At baseline, both groups had comparable SF-36 physical health (76) and mental health (75) status scores as well as moderately elevated Impact of Weight on Quality of Life (IWQOL) and Problem Areas in Diabetes (PAID) scores (59 and 46, respectively).

After achieving 10% weight loss or after 3 months if 10% weight loss was not achieved, the researchers observed “highly significant and nearly identical” weight loss in both groups (LAGB, –9.7 kg vs. IMWM, –9.2 kg), according to Simonson. Improvements in HbA1c were also similar (LAGB, –1.0% vs. –1.7%; P=.06).

The researchers also noted that SF-36 physical health and self-reported mental health scores improved minimally from baseline, with no significant differences between the LAGB and IMWM groups.

At 12 months, weight loss was significantly greater after LAGB (–13.5 kg vs. –8.5 kg; P<.05), but there was no difference in lowering of HbA1c (–1.2% vs. –1.0%), according to the study results.

SF-36 physical health and mental health scores changed minimally compared with the earlier assessment, with no differences between groups. Significant improvements in IWQOL (–14 vs. –11) and PAID (–13 vs. –13) from baseline were found in both LAGB and IMWM, respectively (P<.01 vs. baseline for both groups), but the effects were similar.

Data also delineated a correlation between improvement in HbA1c and patient’s self-assessment of diabetes-specific emotional distress as assessed by PAID (P<.01) in both treatment groups.

In light of these results, the researchers concluded that, in obese patients with type 2 diabetes, both LAGB and IMWM result in significant weight loss and reductions in HbA1c, according to the data.

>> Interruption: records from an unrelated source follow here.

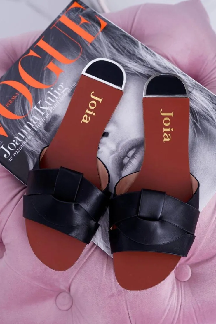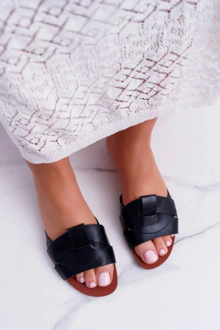 Clearance Boto Damskie Skórzane Klapki Z Ozdobą Czarne Roysa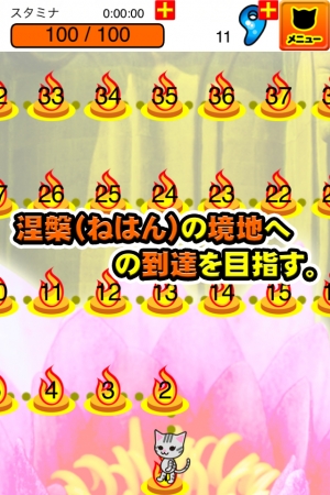 ダメージを与えることができます。4匹の可愛い尼にゃんたちで、次々に襲いかかる煩悩の化身を倒しましょう。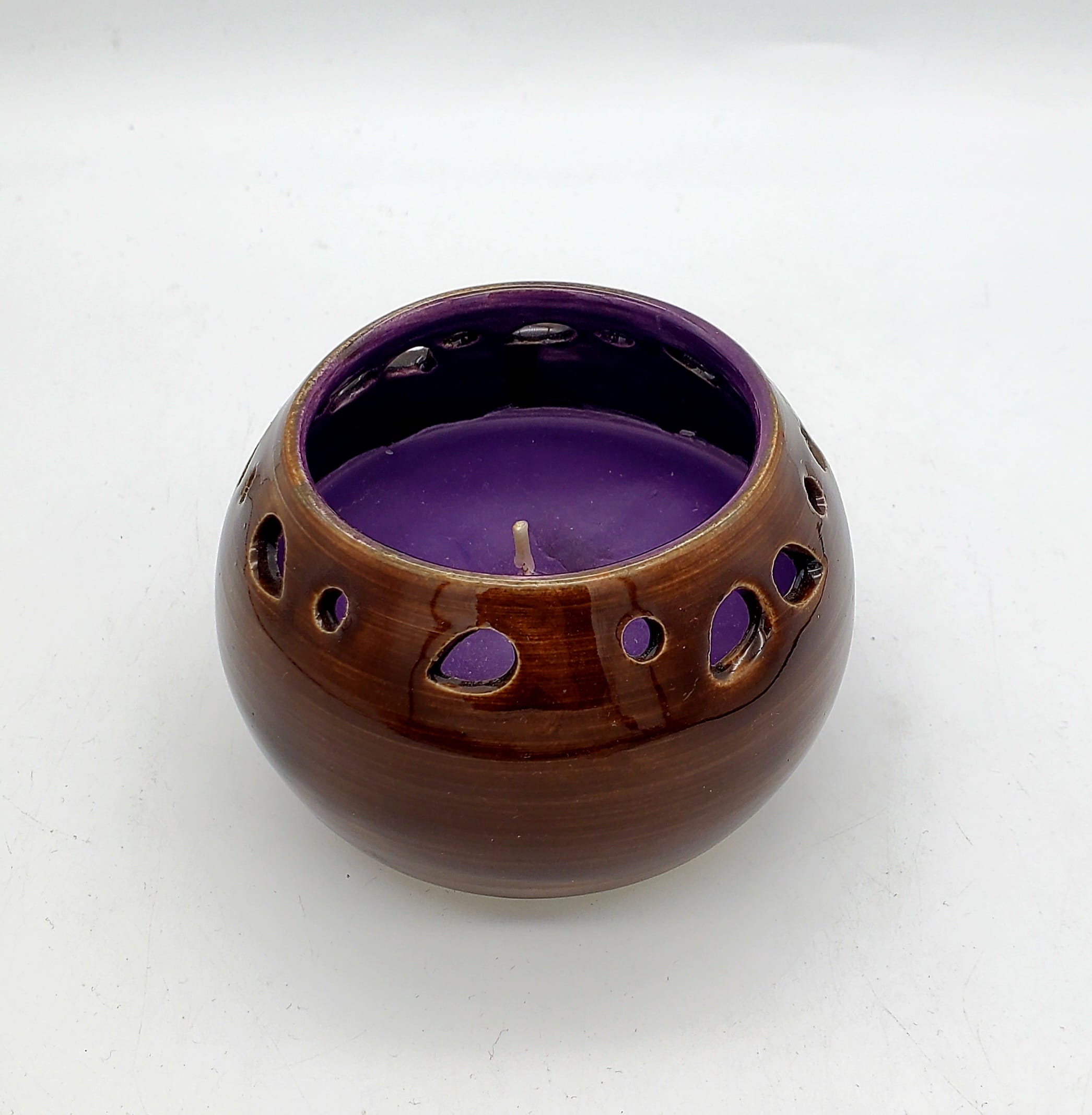 Brown Candle Holder with Purple Lavender Scented Candle quantity

Although weight loss was significantly greater after LAGB, improvement in HbA1c was similar in both treatment arms, they noted.

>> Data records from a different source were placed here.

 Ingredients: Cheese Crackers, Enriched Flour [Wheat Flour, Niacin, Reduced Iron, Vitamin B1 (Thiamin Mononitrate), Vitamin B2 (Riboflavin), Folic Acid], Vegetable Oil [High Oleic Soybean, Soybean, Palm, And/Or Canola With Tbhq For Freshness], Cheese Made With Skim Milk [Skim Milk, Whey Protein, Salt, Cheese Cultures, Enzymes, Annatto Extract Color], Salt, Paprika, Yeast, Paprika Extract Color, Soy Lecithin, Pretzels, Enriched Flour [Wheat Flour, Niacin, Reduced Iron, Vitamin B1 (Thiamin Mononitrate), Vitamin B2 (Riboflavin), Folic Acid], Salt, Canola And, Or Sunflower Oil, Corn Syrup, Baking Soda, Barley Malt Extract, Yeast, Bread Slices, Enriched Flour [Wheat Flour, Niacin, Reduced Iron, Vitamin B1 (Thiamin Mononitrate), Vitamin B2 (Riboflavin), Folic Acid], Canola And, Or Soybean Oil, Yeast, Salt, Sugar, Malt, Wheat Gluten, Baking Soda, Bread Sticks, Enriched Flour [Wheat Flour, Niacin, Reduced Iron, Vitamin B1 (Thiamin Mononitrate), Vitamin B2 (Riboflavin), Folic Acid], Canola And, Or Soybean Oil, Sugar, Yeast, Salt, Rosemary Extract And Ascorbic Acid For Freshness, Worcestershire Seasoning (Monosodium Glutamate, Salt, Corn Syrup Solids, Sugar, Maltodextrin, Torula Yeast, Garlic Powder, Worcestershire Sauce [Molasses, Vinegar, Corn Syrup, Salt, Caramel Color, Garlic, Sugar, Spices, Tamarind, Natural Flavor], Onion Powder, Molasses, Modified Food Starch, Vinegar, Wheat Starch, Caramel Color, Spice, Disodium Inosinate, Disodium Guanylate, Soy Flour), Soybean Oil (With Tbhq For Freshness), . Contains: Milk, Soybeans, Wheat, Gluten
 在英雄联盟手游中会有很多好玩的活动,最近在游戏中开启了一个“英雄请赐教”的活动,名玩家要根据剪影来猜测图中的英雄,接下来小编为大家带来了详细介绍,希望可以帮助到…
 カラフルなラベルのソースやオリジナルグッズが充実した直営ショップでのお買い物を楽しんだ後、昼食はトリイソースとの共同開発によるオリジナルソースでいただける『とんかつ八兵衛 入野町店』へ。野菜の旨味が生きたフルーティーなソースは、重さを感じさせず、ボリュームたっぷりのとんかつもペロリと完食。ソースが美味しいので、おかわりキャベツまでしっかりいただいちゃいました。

Further, both treatments are associated with moderate and comparable changes in self-reported physical and mental health status SF-36 scores, and both treatments are associated with significant reductions on the impact of weight on quality of life and problem areas in diabetes.

“Both treatments should be considered effective options for improving weight, glucose control, health status and quality of life in obese patients with type 2 diabetes,” Simonson said.


  1. Simonson DC et al. Abstract OR01-2. Presented at: The Endocrine Society’s 97th Annual Meeting & Expo (ENDO 2015); March 5-8, 2015; San Diego.